Available data:
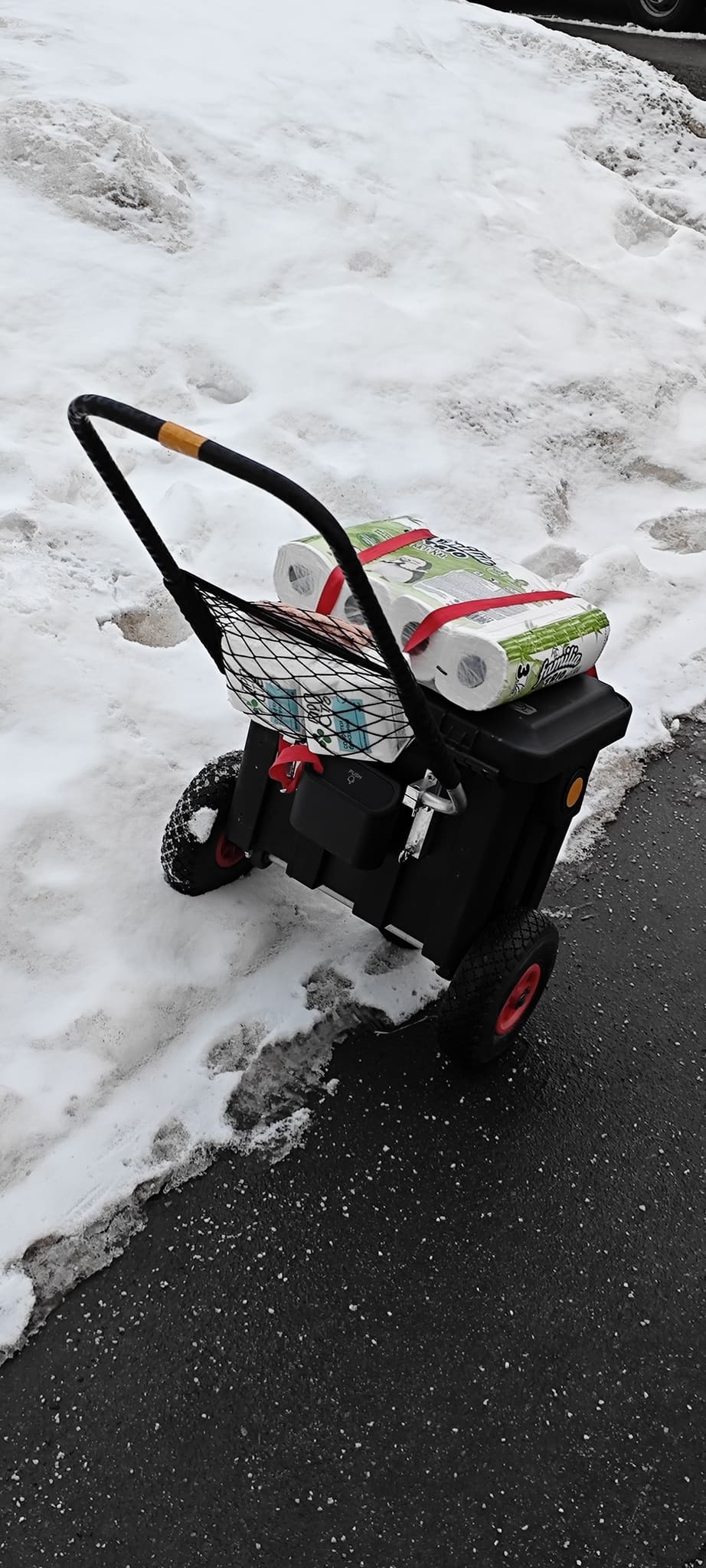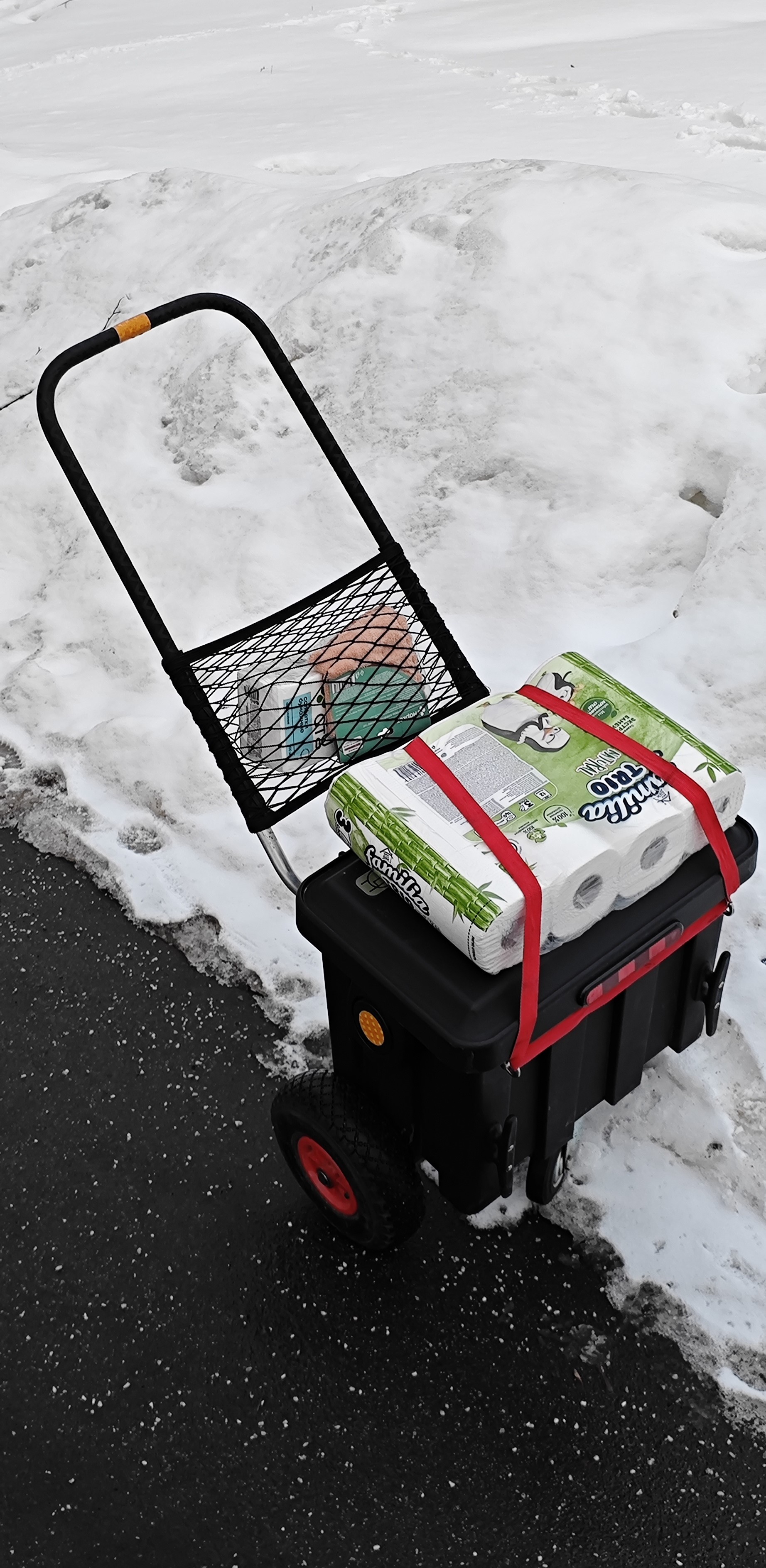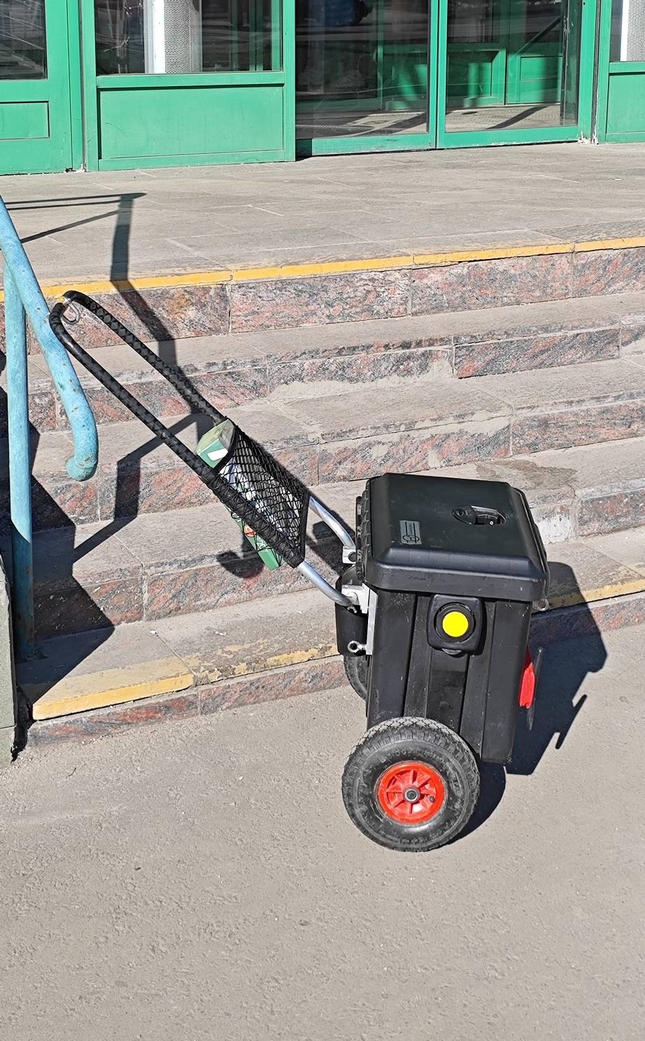может перемещать груз до 100 кг по снегу, лужам и грязи. Одинаково комфортно чувствует себя как в магазине так и на бездорожье
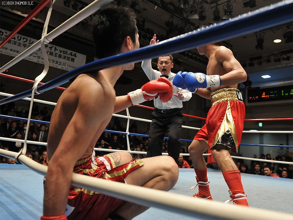 敵地で"スーパーフライ級アジア最強"の称号を獲得したビラヌエバが控え室で会見を開いた。「初回のダウンはストレートをもらった。それ以降のパンチは見えていたよ。エトウは左フックも強かったね。僕自身、ダウンをしたのは2度目。3ラウンドにエトウから奪ったダウンはストレートがアゴに当たっていた」と試合を振り返った。
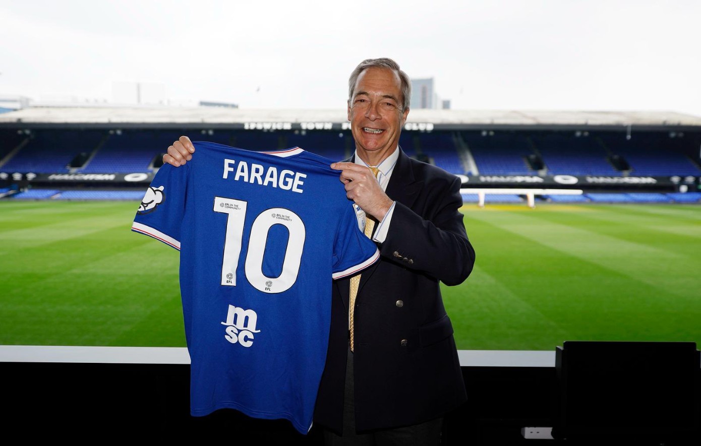 Ο ηγέτης του κόμματος Reform UK, το οποίο κινείται προς την άκρα δεξιά, είναι οπαδός της Κρίσταλ Πάλας, παρ’ όλα αυτά επισκέφθηκε το γήπεδο της Ίπσουιτς για μι ιδιωτική ξενάγηση, με τον ίδιο να το απολαμβάνει.

The problem:
Each line above should be returned exactly as written, apart from any pictures.

Response to this task:
может перемещать груз до 100 кг по снегу, лужам и грязи. Одинаково комфортно чувствует себя как в магазине так и на бездорожье
 敵地で"スーパーフライ級アジア最強"の称号を獲得したビラヌエバが控え室で会見を開いた。「初回のダウンはストレートをもらった。それ以降のパンチは見えていたよ。エトウは左フックも強かったね。僕自身、ダウンをしたのは2度目。3ラウンドにエトウから奪ったダウンはストレートがアゴに当たっていた」と試合を振り返った。
 Ο ηγέτης του κόμματος Reform UK, το οποίο κινείται προς την άκρα δεξιά, είναι οπαδός της Κρίσταλ Πάλας, παρ’ όλα αυτά επισκέφθηκε το γήπεδο της Ίπσουιτς για μι ιδιωτική ξενάγηση, με τον ίδιο να το απολαμβάνει.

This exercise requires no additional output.